A two-judge bench convicted Kumar for criminal conspiracy, promoting enmity and acting against communal harmony, the Press Trust of India and other local media reported.

"It is important to assure the victims that despite the challenges truth will prevail," the court said, according to the NDTV news network.

"The aftershock of those atrocities is still being felt."

Kumar, who has been asked to surrender by the end of this month, will have to spend the rest of his life behind bars.

The 1984 carnage erupted just hours after Gandhi was shot dead at her residence in New Delhi.

It lasted three days with Sikhs raped and murdered, their homes and businesses torched.

Gandhi was killed over her decision to use military force to expel Sikh separatists from inside the Golden Temple -- Sikhism's holiest shrine in the northern Indian city of Amritsar.

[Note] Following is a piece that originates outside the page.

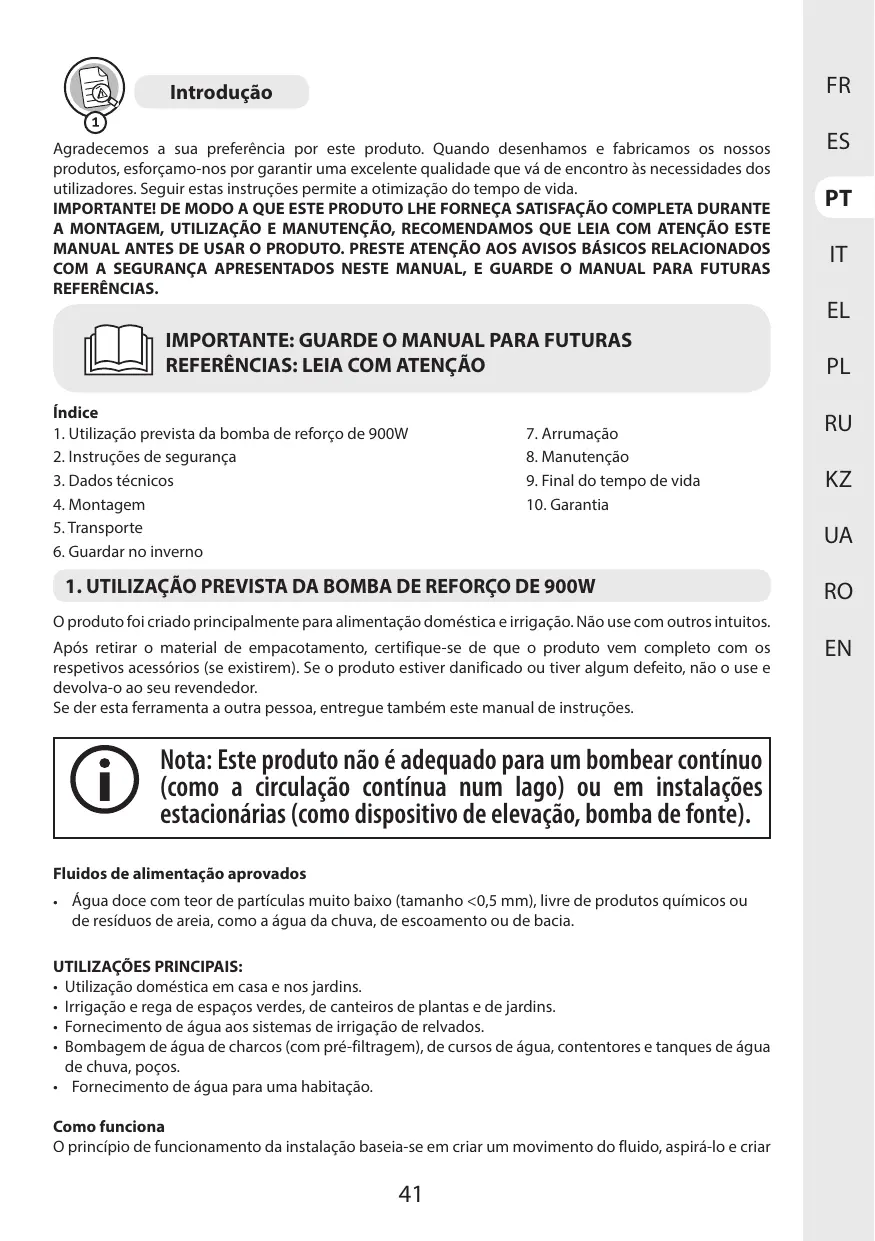 Remarque : Ce produit n'est pas adapté à un fonctionnement de la pompe en continu (par exemple circulation continue dans un bassin) ni à des installations fixes (par exemple dispositif de levage, pompe pour fontaine).

Critics accuse Congress of turning a blind eye to the killings and the role of leaders such as Kumar and Jagdish Tytler.

Last week, Congress named Kamal Nath as the chief minister of the central state of Madhya Pradesh despite allegations that he had led one of the mobs during the riots.

Kumar, Tytler and others have always denied any wrongdoing.

Kumar last won a parliamentary election in 2004 but was forced to withdraw from the 2009 polls over the rioting allegations.

Last month, another accused, Yashpal Singh was sentenced to death for murder and rioting.

Sikhs make up some two percent of Hindu-majority India's population of 1.25 billion.